▸ **DATA EXCERPTS**:
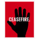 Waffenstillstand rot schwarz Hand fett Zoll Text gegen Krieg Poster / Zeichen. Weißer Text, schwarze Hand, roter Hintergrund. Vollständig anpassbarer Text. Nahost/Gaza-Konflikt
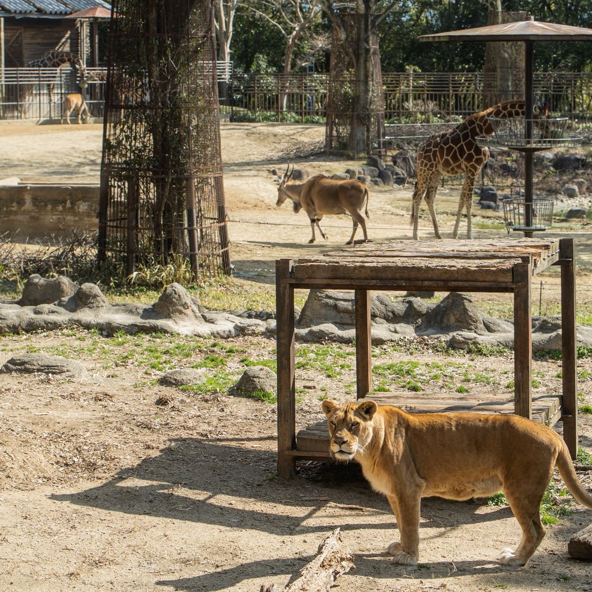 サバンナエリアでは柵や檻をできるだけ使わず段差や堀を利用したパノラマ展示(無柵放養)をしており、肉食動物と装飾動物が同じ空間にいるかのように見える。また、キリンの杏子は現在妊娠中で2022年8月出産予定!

--

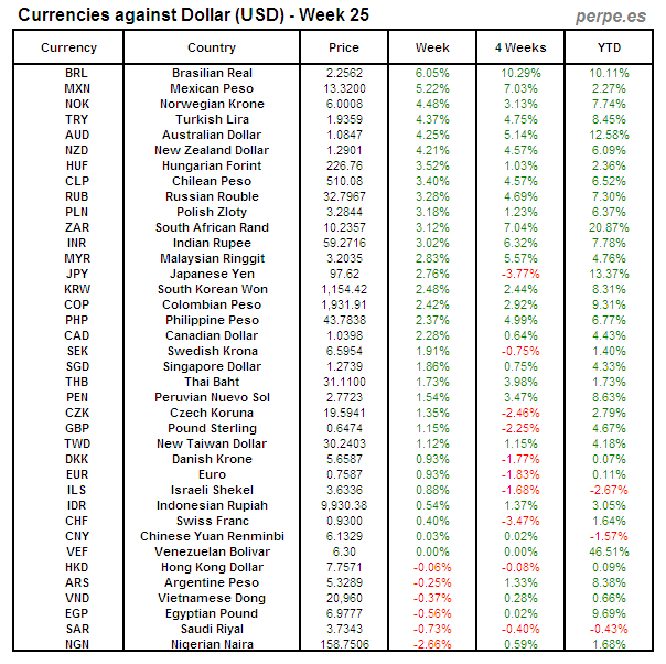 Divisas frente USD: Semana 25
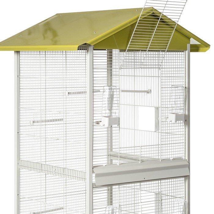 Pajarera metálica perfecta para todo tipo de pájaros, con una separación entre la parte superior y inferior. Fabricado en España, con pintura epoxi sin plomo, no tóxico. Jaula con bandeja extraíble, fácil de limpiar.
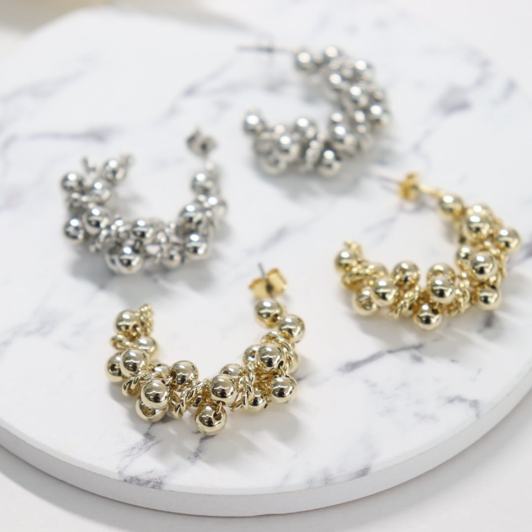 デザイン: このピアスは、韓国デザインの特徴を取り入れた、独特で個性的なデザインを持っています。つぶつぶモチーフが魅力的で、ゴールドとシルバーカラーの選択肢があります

▸ **YOUR TASK**: Give again the lines of the listing above that run from the one with "Waffenstillstand rot schwarz" up to and including the one with "サバンナエリアでは柵や檻をで". Keep them exact and omit the pictures.

▸ **RESULT OF THE EXERCISE**:
 Waffenstillstand rot schwarz Hand fett Zoll Text gegen Krieg Poster / Zeichen. Weißer Text, schwarze Hand, roter Hintergrund. Vollständig anpassbarer Text. Nahost/Gaza-Konflikt
 サバンナエリアでは柵や檻をできるだけ使わず段差や堀を利用したパノラマ展示(無柵放養)をしており、肉食動物と装飾動物が同じ空間にいるかのように見える。また、キリンの杏子は現在妊娠中で2022年8月出産予定!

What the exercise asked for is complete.